Gündüz, suç tanımlamaların daha da hassas olduğu bir çağda yaşandığını söyleyerek, “her türlü taciz, şiddet, akran zorbalığı, madde kullanımı, davranış bozukluklarının geçmiş yıllara göre çok daha hassas bir seviyeye gelmiştir.” diye konuştu.
Tüm dünyanın bu konularla mücadele ettiğini kaydeden Gündüz, gençlerin çeteleşip şiddeti en üst seviyeden birbirlerine gösterebildiğine dikkat çekti.

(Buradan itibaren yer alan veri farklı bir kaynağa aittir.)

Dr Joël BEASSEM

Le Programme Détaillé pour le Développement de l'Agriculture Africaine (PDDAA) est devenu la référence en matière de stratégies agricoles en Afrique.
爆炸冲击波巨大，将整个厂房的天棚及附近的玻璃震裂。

Gündüz, “gençler tacizin yeni tanımını bilmiyor. Taciz eden yaptığının taciz olduğunun; taciz edilen ise tacize uğradığının farkında değil. Keza akran zorbalığı ve şiddette de durum farklı değil.” diyerek yaşanan onlarca suça rağmen temel görevi düzeni sağlamak olan devletin bu konuda hareket edemez noktada olduğunu savundu.
“Şiddeti olağanlaştırırsanız suçlu yetiştirirsiniz”

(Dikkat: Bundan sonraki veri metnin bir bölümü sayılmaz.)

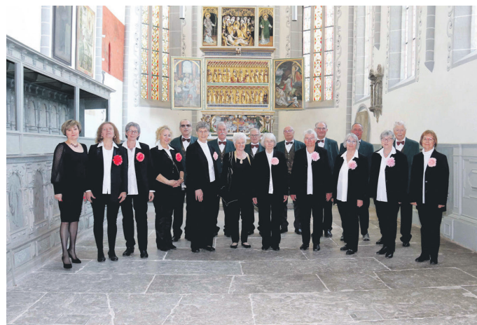
Frühlingskonzert des Männergesangsvereins Sömmerda in der Stadtkirche St. Peter und Paul in Weißensee.

Die Franziskuskirche in Sömmerda am 28. April 2024 und die Stadtkirche St. Peter und Paul in Weißensee am 5. Mai 2024 waren die beiden Stationen unserer Frühlingskonzerte. Während das Konzert in der Franziskuskirche vom Gemischten Chor bestritten wurde, hatten wir in Weißensee „Verstärkung“ eingeladen.

Sosyolog ve Siyaset Bilimi Uzmanı Hakan Gündüz sözlerine şöyle devam etti:
“Her gün gözlemliyoruz ki siyasiler ve devlet görevlileri de ne yazık ki suç teşkil eden eylemlerin bizzat içinde. Bunun iki yönlü bir sonucu var; birincisi suçu devleti yönetenler meşrulaştırıyorsa yönetilenler de tabii ki suçun içinde olacaktır. İkincisi suçun içinde olan devlet organları ve siyaset, kendine de bulaşacağını bile bile düzeni sağlama konusunda nasıl hareket edecektir. Kısaca bu yaş grubu için siz devlet olarak şiddeti olağanlaştırırsanız topluma ve kendine faydalı bireyler değil suçlu yetiştirirsiniz. Yeteri kadar suçlu ve suça eğilimli göç almıyormuşuz gibi bir de kendimiz suçlu yetiştirirsek zaten yaşamakta zorlandığımız bu toplumda nefes bile almak mümkün olmayacaktır.”